Because the ts object was created with the
tk_ts() function, it contained a timetk index that was
carried with it throughout the forecasting workflow. As a result, we can
use the timetk_idx argument, which maps the original
irregular index (dates) and a generated future index to the regularized
time series (yearmon). This results in the ability to return an index of
date and datetime, which is not currently possible with the
forecast objects. Notice that the index is returned as
date class.
## Warning in .check_tzones(e1, e2): 'tzone' attributes are inconsistent
## # A tibble: 6 × 7
## index key price lo.80 lo.95 hi.80 hi.95
## <date> <chr> <dbl> <dbl> <dbl> <dbl> <dbl>
## 1 2011-01-01 actual 1165365 NA NA NA NA
## 2 2011-02-01 actual 5794945 NA NA NA NA
## 3 2011-03-01 actual 6811655 NA NA NA NA
## 4 2011-04-01 actual 14097770 NA NA NA NA
## 5 2011-05-01 actual 8488650 NA NA NA NA
## 6 2011-06-01 actual 14725405 NA NA NA NA
## Warning in .check_tzones(e1, e2): 'tzone' attributes are inconsistent
## # A tibble: 6 × 7
## index key price lo.80 lo.95 hi.80 hi.95
## <date> <chr> <dbl> <dbl> <dbl> <dbl> <dbl>
## 1 2016-07-01 forecast 10050244. 2385587. -1671837. 17714901. 21772325.
## 2 2016-08-01 forecast 4586811. 1087995. -764167. 8085627. 9937789.
## 3 2016-09-01 forecast 6653105. 1577021. -1110096. 11729189. 14416305.
## 4 2016-10-01 forecast 5561120. 1317262. -929300. 9804977. 12051539.
## 5 2016-11-01 forecast 4494948. 1063975. -752272. 7925920. 9742167.
## 6 2016-12-01 forecast 4684854. 1108152. -785239. 8261557. 10154948.

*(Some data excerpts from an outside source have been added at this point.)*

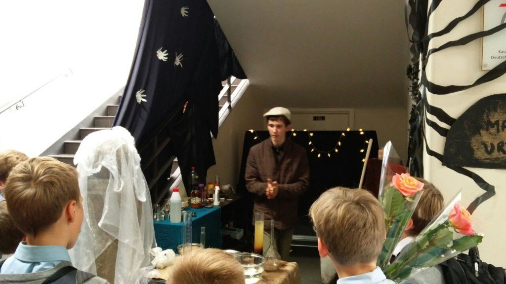 Um kurz nach elf wurden dann alle aus der Lobby gebeten, weil die Zwölftklässler Generalprobe hatten. Dann gingen alle Lehrer gemeinsam nach unten, gespannt und mit einem Lächeln im Gesicht. Die Schüler hatten einen breiten Gang hin zur Bühne gebildet. Neben der Bühne stand ein Klavier. Zum Hochzeitsmarsch schritten Braut und Bräutigam die Bühne empor, wo sie feierlich getraut wurden, indem ihre Hände mit einem roten Band zusammengebunden wurden. Dann strömte der Rest der Zwölftklässler auf die Bühne und sie fingen gemeinsam an „Hakuna Matata“ auf Litauisch zu singen, gefolgt von „Can you feel the love tonight“.
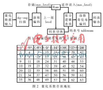 AVS熵编码硬件设计包括量化数据输入、zig-zag扫描、游程编码、码表切换、组合逻辑查找、指数哥伦布编码和码流输出7个模块,电路框图如图1所示。
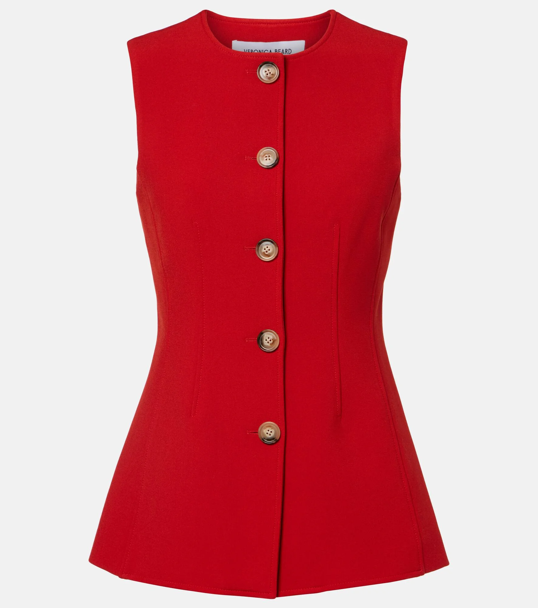 Veronica Beard's low-effort, high-impact separates find the perfect balance between casual and chic. The Jessup vest is a tailored piece with a gently flared silhouette. Product Details - Material: 63% polyester, 27% viscose, 7% cotton, 3% elastane - Care instructions: dry clean - Made in the USA - Color: red - Designer color name: Carnelian Red - Lining: 100% polyester - Closure: buttoned front - Item number: P01142622 Size & Fit - True to size - Cinched waist - Non-stretchy fabric - Falls below the hip - The model seen in the picture is 178cm-5'10" and wearing a size US 4
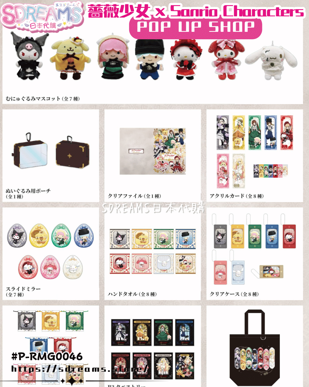 "Rozen Maiden" × Sanrio Characters POP UP SHOP Mascot Plush Doll / Pouch / Clear File / Acrylic Card / Slide Mirror / Hand Towel / Clear Case / Drawstring Bag / B3 Tapestry / Tote Bag .軟綿綿毛公仔掛飾 .公仔用痛包 .A4 File .亞加力卡(全8種) .滑動隨身鏡 .手巾 .透明小物包 .索繩袋 .B3掛畫 .TOTE BAG(手提袋) 製造商Manufacturer:medicos 截單截數日 DEADLINE:2025/11/27 日本預定發售月 RELEASE:2025/11 #RozenMaiden #薔薇少女
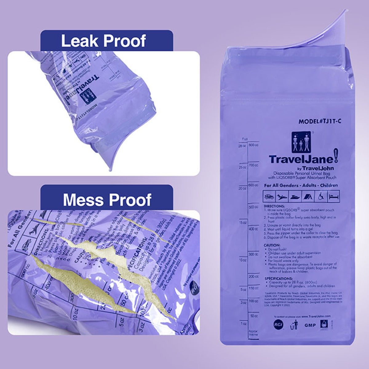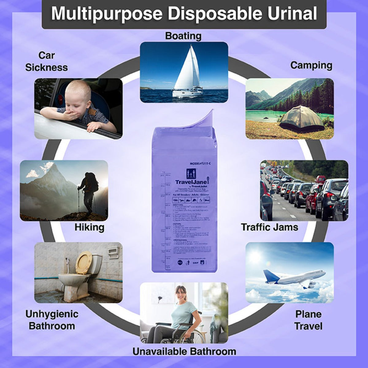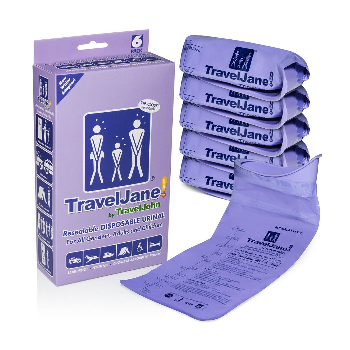 Travel Jane Disposable Urinal with Zip Resealable, 6-pack (TJ1T)
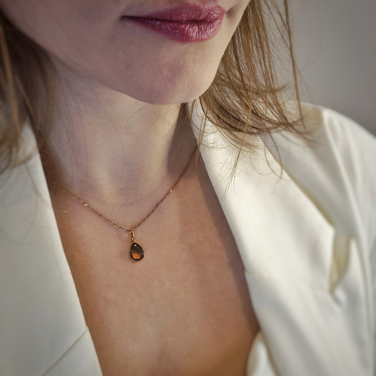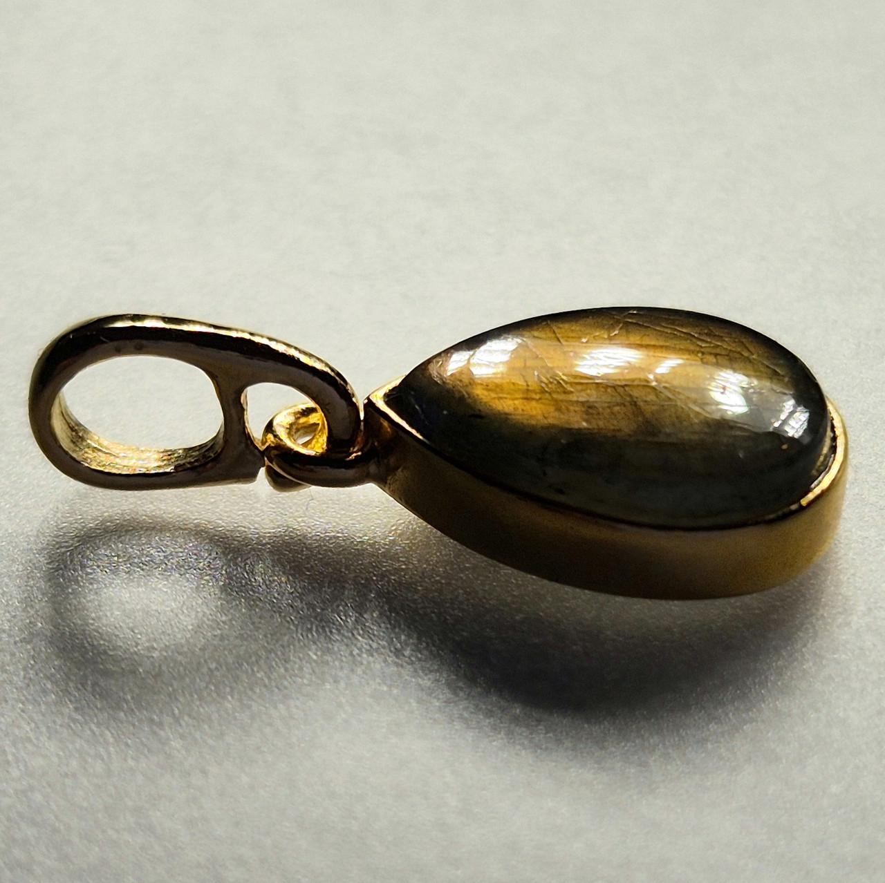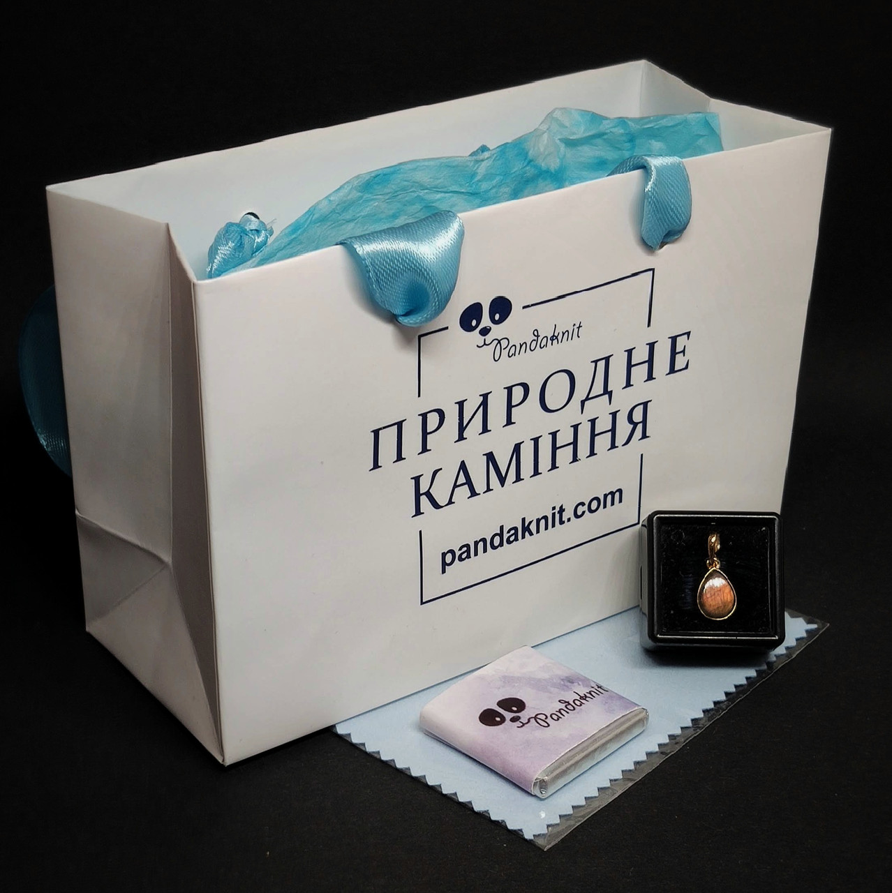Кулон з природним лабрадором в сріблі 925 з позолотою прозорий персиковий рідкісний лабрадорит жіночий чоловічий

We can build the same plot with dates in the x-axis now.
sw_sweep(fcast_ets, timetk_idx = TRUE) %>%
ggplot(aes(x = index, y = price, color = key)) +
geom_ribbon(aes(ymin = lo.95, ymax = hi.95),
fill = "#D5DBFF", color = NA, linewidth = 0) +
geom_ribbon(aes(ymin = lo.80, ymax = hi.80, fill = key),
fill = "#596DD5", color = NA, linewidth = 0, alpha = 0.8) +
geom_line(linewidth = 1) +
labs(title = "Bike Sales Revenue, ETS Model Forecast", x = "", y = "Revenue",
subtitle = "Irregular Time Index") +
scale_y_continuous(labels = scales::label_dollar(scale = 1 / 1000000, suffix = "M")) +
scale_x_date(date_breaks = "1 year", date_labels = "%Y") +
scale_color_tq() +
scale_fill_tq() +
theme_tq() ## Warning in .check_tzones(e1, e2): 'tzone' attributes are inconsistent
## Warning: Removed 60 rows containing missing values or values outside the scale range
## (`geom_ribbon()`).
## Removed 60 rows containing missing values or values outside the scale range
## (`geom_ribbon()`).
In this example, there is not much benefit to returning an irregular time series. However, when working with frequencies below monthly, the ability to return irregular index values becomes more apparent.
This was an overview of how various functions within the
sweep package can be used to assist in forecast analysis.
In the next vignette, we discuss some more powerful concepts including
forecasting at scale with grouped time series analysis.